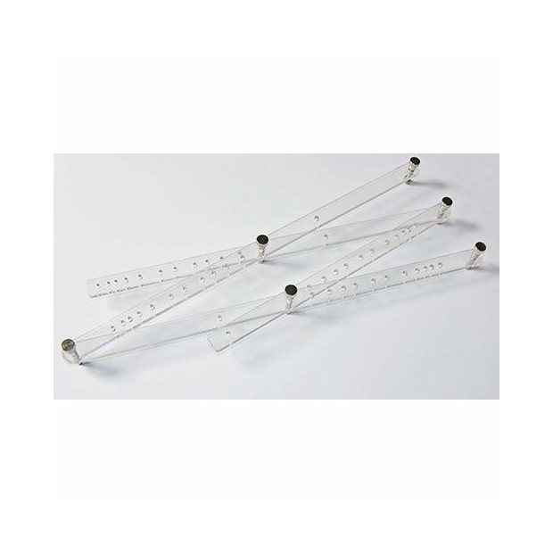 Pantografo utile per riproporre in maniera grafica qualsiasi disegno in scala naturale o ridotta. Con morsetto di fissaggio al piano di lavoro. I valori di ingrandimento o riduzione inclusi nelle aste.
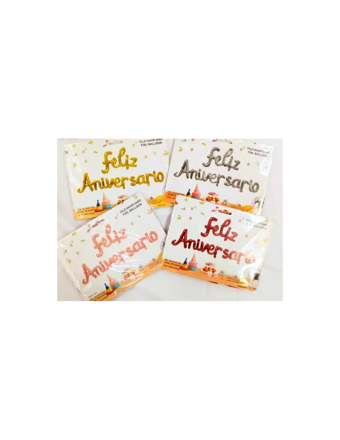 GLOBO ALUMINIO LETRAS FELIZ ANIVERSARIO C/SURTIDOS
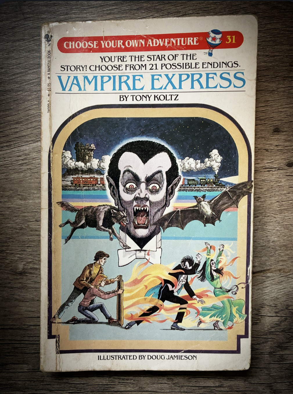 Last week I stopped into my local library to pick up an item that I had on hold. I hadn’t realized until I walked in that the library was having a huge used book sale. I perused the tables to see if anything caught my eye. I was pleasantly surprised to see a Choose Your Own Adventure book among the stacks of bargain books. I remembered the series fondly from my youth, having checked out many of them from that very same library when I was a kid. Vampire Express by Tony Koltz wasn’t one that I recalled reading, but for the price of 25 cents I couldn’t resist picking it up.
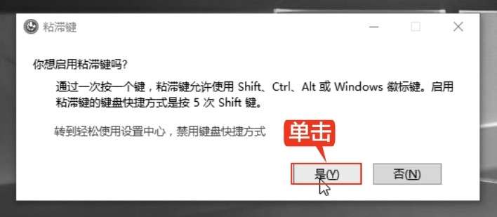 连续按【Shift】键5次可以启动,在出现的【粘滞键】对话框中单击【是】按钮即可启用粘滞键功能。
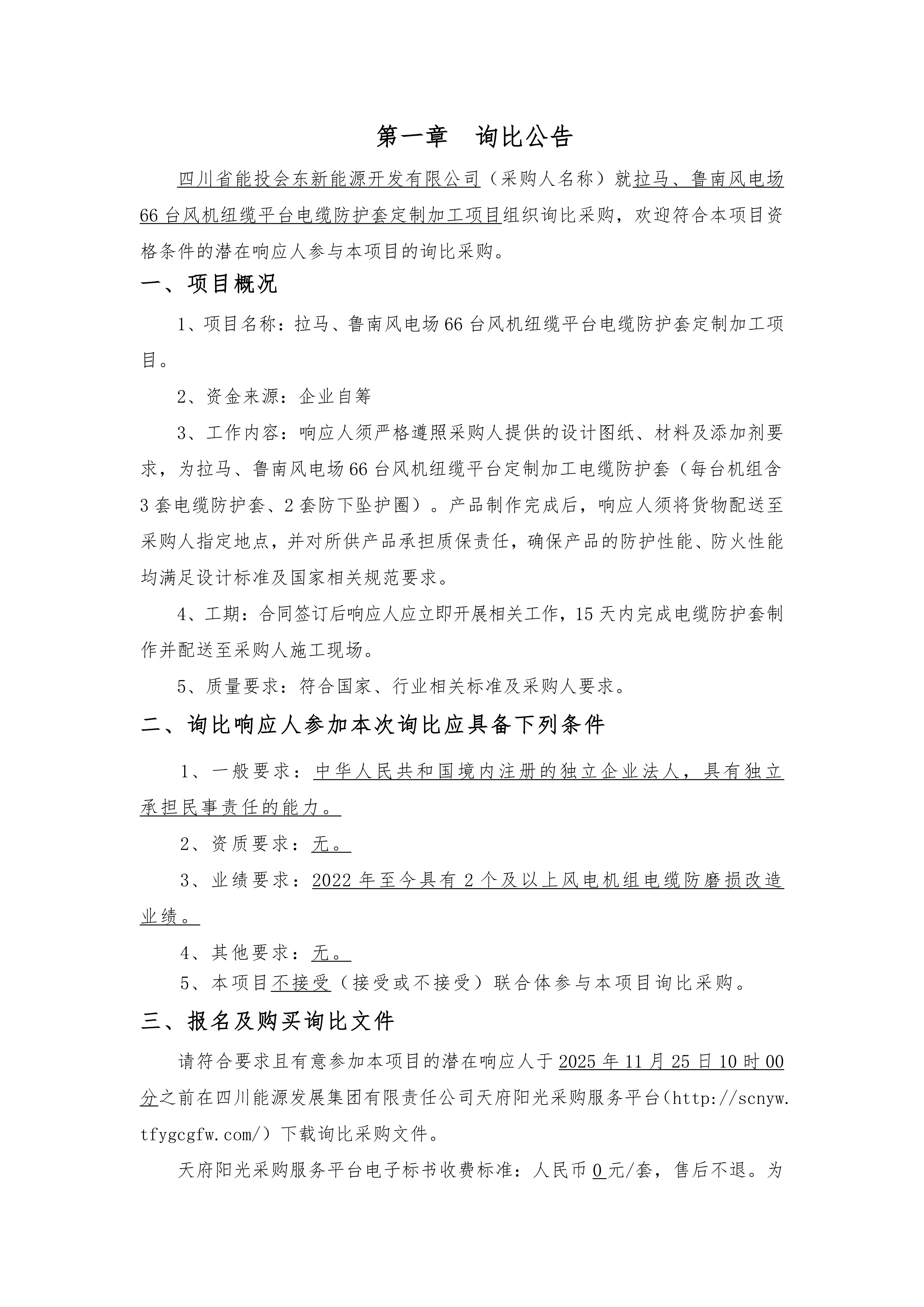 四川省能投会东新能源开发有限公司(采购人名称)就拉马、鲁南风电场66台风机纽缆平台电缆防护套定制加工项目组织询比采购,欢迎符合本项目资格条件的潜在响应人参与本项目的询比采购。
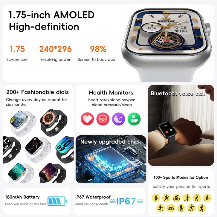 Smartwatch Anak Original Leemix S10 Mini Smartwatch 1.75" AMOLED - Slim - BT Calling - Sport M0De & Health Monitoring

___

*TASK*: Print only the lines from the first line of the data above through the one containing "GLOBO ALUMINIO LETRAS", exactly as they are, with pictures omitted.

*RESULT OF THIS TASK*:
 Pantografo utile per riproporre in maniera grafica qualsiasi disegno in scala naturale o ridotta. Con morsetto di fissaggio al piano di lavoro. I valori di ingrandimento o riduzione inclusi nelle aste.
 GLOBO ALUMINIO LETRAS FELIZ ANIVERSARIO C/SURTIDOS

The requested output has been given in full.